==== SOURCE MATERIAL ====

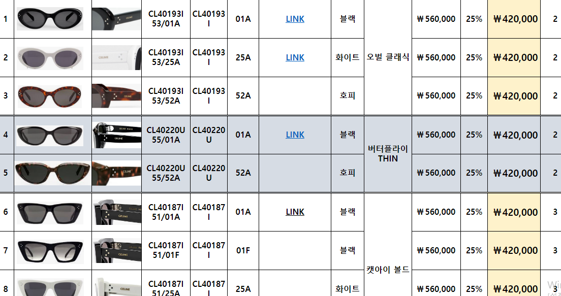 📢 셀린느 선글라스 국내도매리스트! 20230111-2◆ 마감시간: 2023/01/15 18:00◆ 상품유형: 국내스탁◆ 공급가 기준: 관부가세 및 배송비 포함◆ 인도예정일: 컨펌 후 7일내 배송◆ 오더룰1) 등급순/주문순으로 마감2) 등급별오던조건 없음
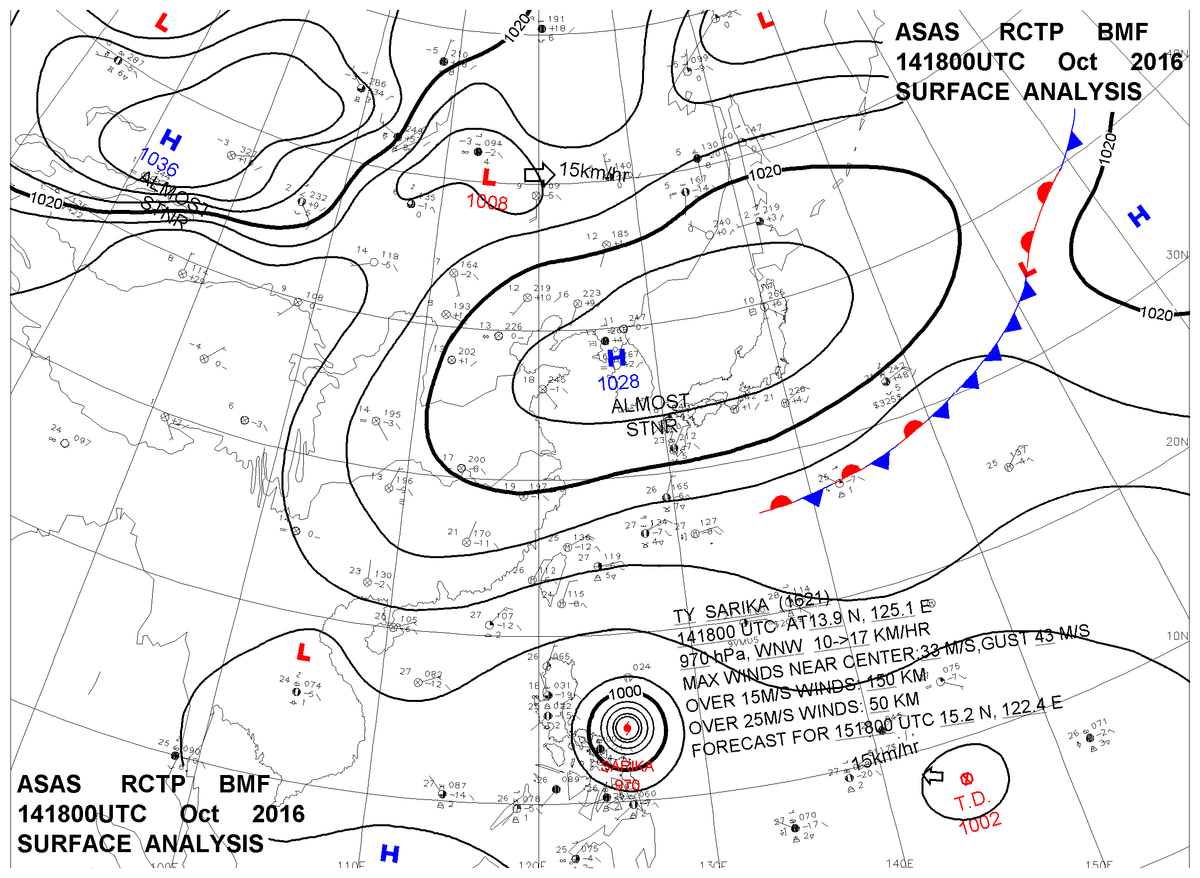 2016/10/14 18z sfcmap 天氣圖
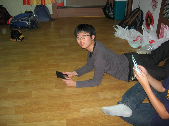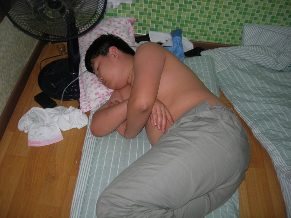 현우녀석이 숙소에 도착하자마자 훌훌 벗어 제낍니다. 남자중학교이기 망정이지 남녀공학이었으면 몇대 쥐어박혔을 겁니다.
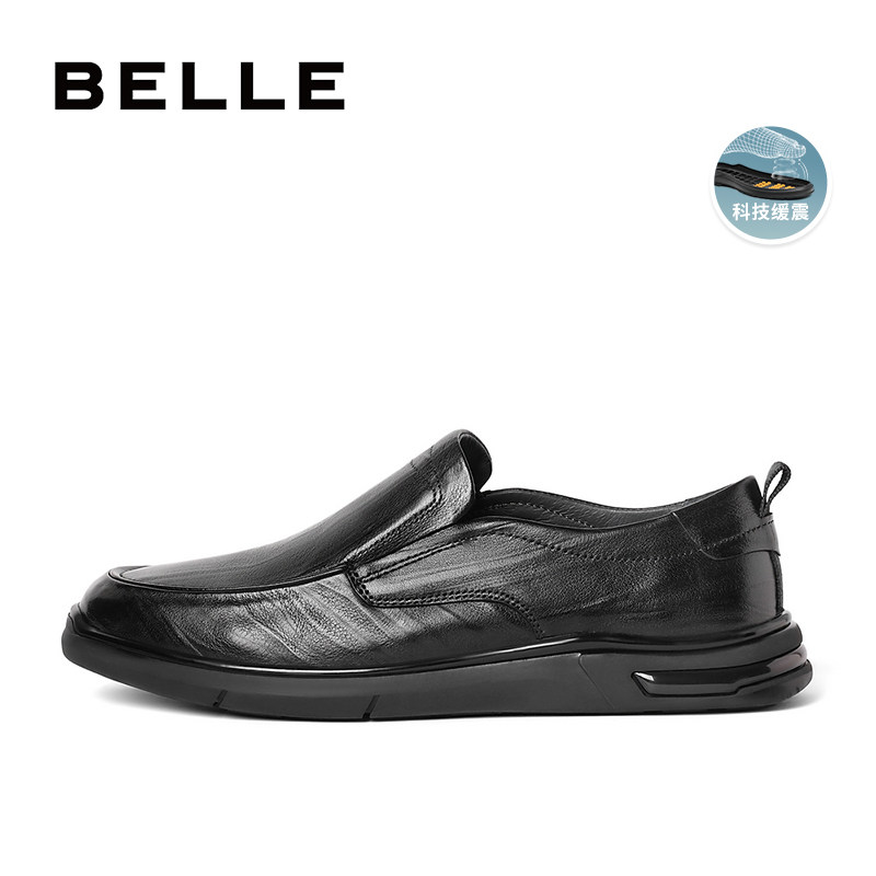 百丽男鞋套脚休闲皮鞋夏季新款商场同款竖纹正装商务8EV02AM4
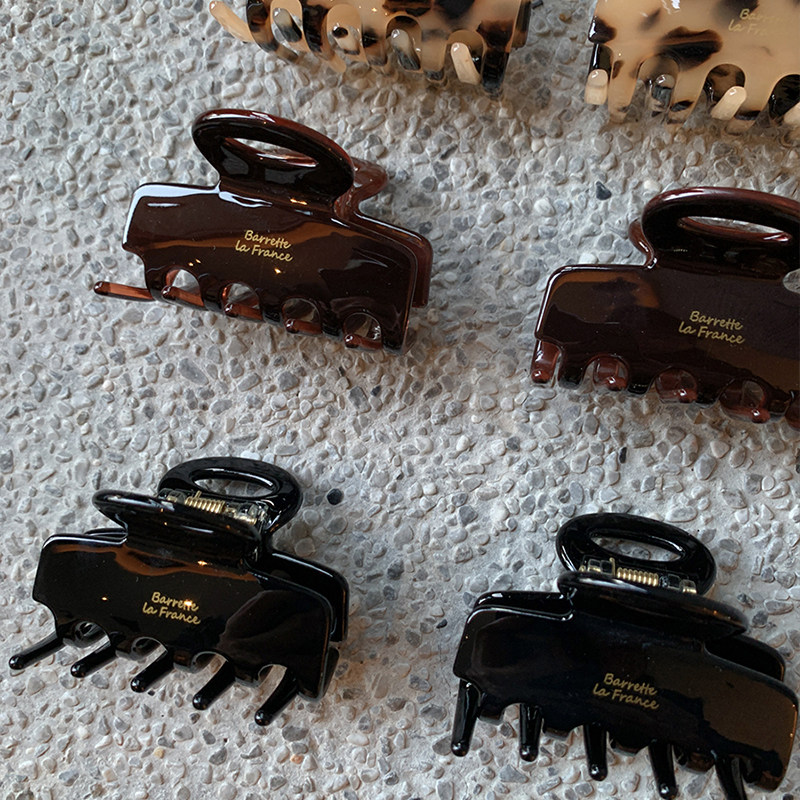 📚 ins复古方形中号抓夹 france气质正红巧克力半扎发鲨鱼夹发抓发饰
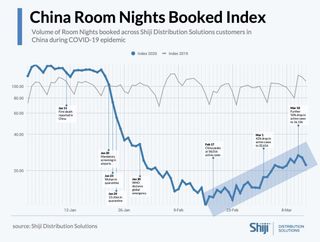 Die folgende Grafik zeigt die Anzahl der in China gebuchten Zimmernächte. Wie Sie sehen können, nehmen das Interesse an der Branche und die Reservierungen langsam zu.
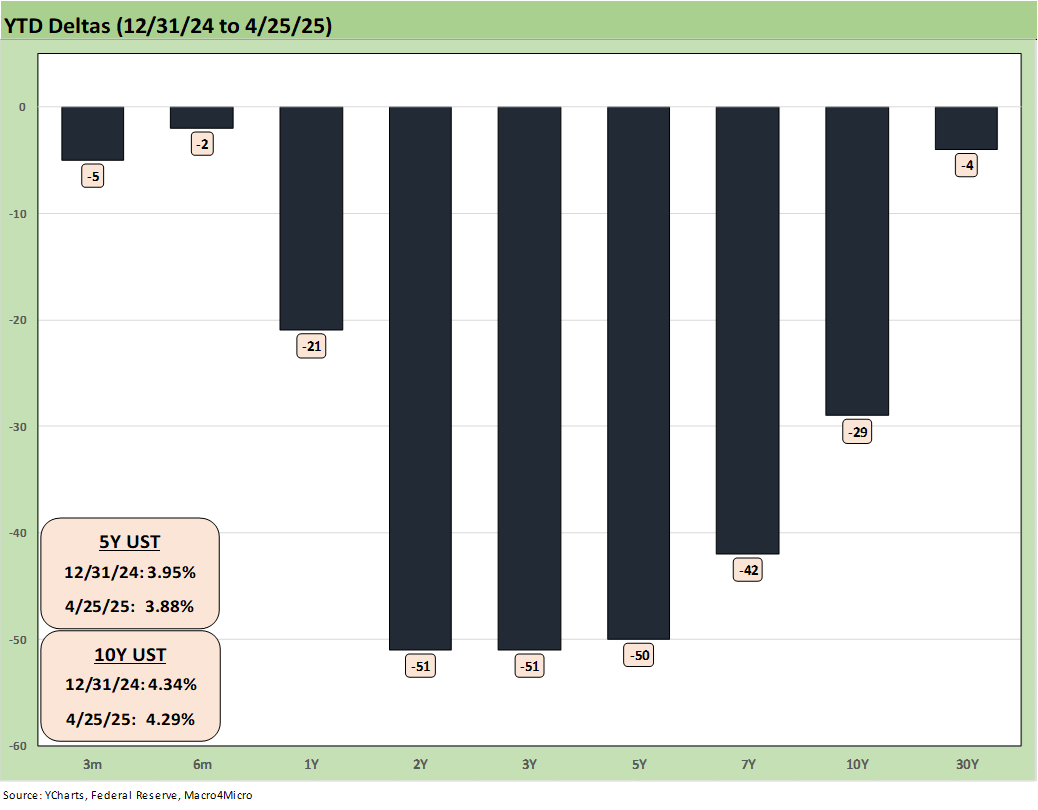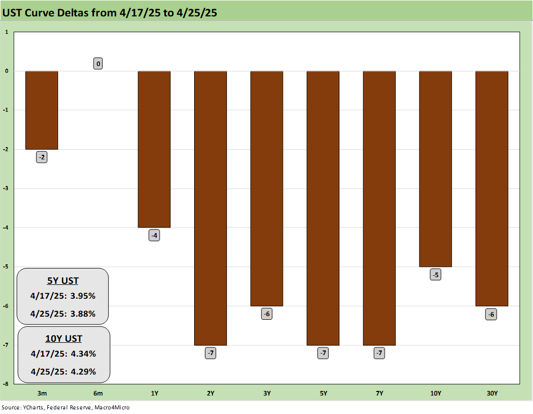 The UST curve posted a modest rally for the week with a very big macro release stretch ahead (PCE, 1Q25 GDP, JOLTS/payroll and more) while the earnings flood picks up with more Mag 7 and a rush of bellwethers including GM and UPS among cyclical indicators.

====

**THE TASK:** Would you output all of the entries above exactly, keeping the pictures out?

**SOLUTION TO THIS EXERCISE:**
 📢 셀린느 선글라스 국내도매리스트! 20230111-2◆ 마감시간: 2023/01/15 18:00◆ 상품유형: 국내스탁◆ 공급가 기준: 관부가세 및 배송비 포함◆ 인도예정일: 컨펌 후 7일내 배송◆ 오더룰1) 등급순/주문순으로 마감2) 등급별오던조건 없음
 2016/10/14 18z sfcmap 天氣圖
 현우녀석이 숙소에 도착하자마자 훌훌 벗어 제낍니다. 남자중학교이기 망정이지 남녀공학이었으면 몇대 쥐어박혔을 겁니다.
 百丽男鞋套脚休闲皮鞋夏季新款商场同款竖纹正装商务8EV02AM4
 📚 ins复古方形中号抓夹 france气质正红巧克力半扎发鲨鱼夹发抓发饰
 Die folgende Grafik zeigt die Anzahl der in China gebuchten Zimmernächte. Wie Sie sehen können, nehmen das Interesse an der Branche und die Reservierungen langsam zu.
 The UST curve posted a modest rally for the week with a very big macro release stretch ahead (PCE, 1Q25 GDP, JOLTS/payroll and more) while the earnings flood picks up with more Mag 7 and a rush of bellwethers including GM and UPS among cyclical indicators.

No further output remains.